▶ **TASK DIRECTIONS**: Begin at the line that has "Fototapeta premium Minimalist", stop after the line that has "CESAR 1-D555 Navy", and print exactly those lines from the records below, without any pictures.

▶ **SUPPLIED RECORDS**:
● ● ● ● ●

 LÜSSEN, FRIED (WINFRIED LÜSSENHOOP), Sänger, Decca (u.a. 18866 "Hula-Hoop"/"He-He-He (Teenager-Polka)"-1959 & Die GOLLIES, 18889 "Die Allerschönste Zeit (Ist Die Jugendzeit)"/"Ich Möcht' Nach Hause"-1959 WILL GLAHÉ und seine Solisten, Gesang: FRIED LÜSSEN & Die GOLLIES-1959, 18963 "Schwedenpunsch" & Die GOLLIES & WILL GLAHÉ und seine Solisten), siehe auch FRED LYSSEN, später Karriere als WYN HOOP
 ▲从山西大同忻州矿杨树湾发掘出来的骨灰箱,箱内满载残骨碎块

● ● ● ● ●

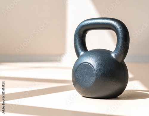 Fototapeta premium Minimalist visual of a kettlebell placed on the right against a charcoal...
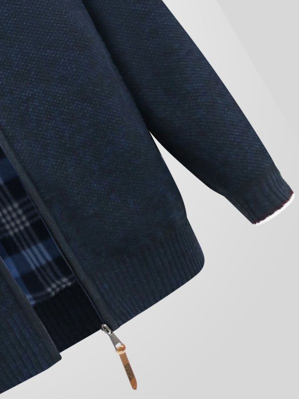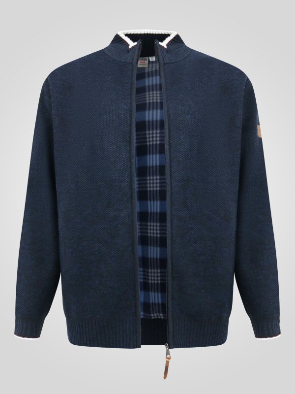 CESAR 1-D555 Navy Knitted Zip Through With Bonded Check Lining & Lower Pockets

● ● ● ● ●

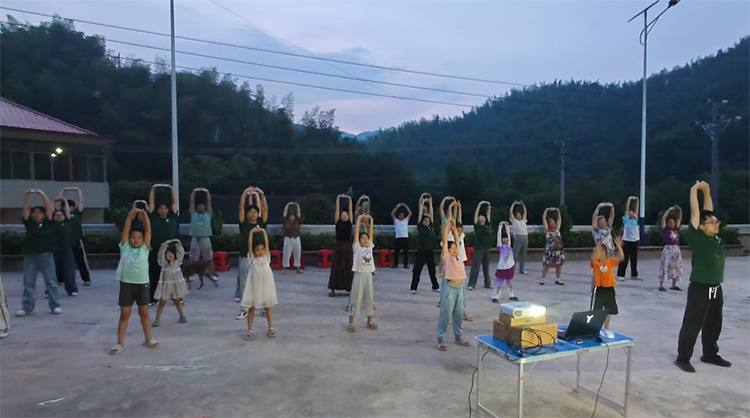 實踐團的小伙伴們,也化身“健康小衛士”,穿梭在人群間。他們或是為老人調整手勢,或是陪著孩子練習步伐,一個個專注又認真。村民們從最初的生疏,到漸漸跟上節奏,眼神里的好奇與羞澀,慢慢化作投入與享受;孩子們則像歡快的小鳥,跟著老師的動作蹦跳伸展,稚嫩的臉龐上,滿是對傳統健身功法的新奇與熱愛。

● ● ● ● ●

▶ **FINISHED EXERCISE**:
 Fototapeta premium Minimalist visual of a kettlebell placed on the right against a charcoal...
 CESAR 1-D555 Navy Knitted Zip Through With Bonded Check Lining & Lower Pockets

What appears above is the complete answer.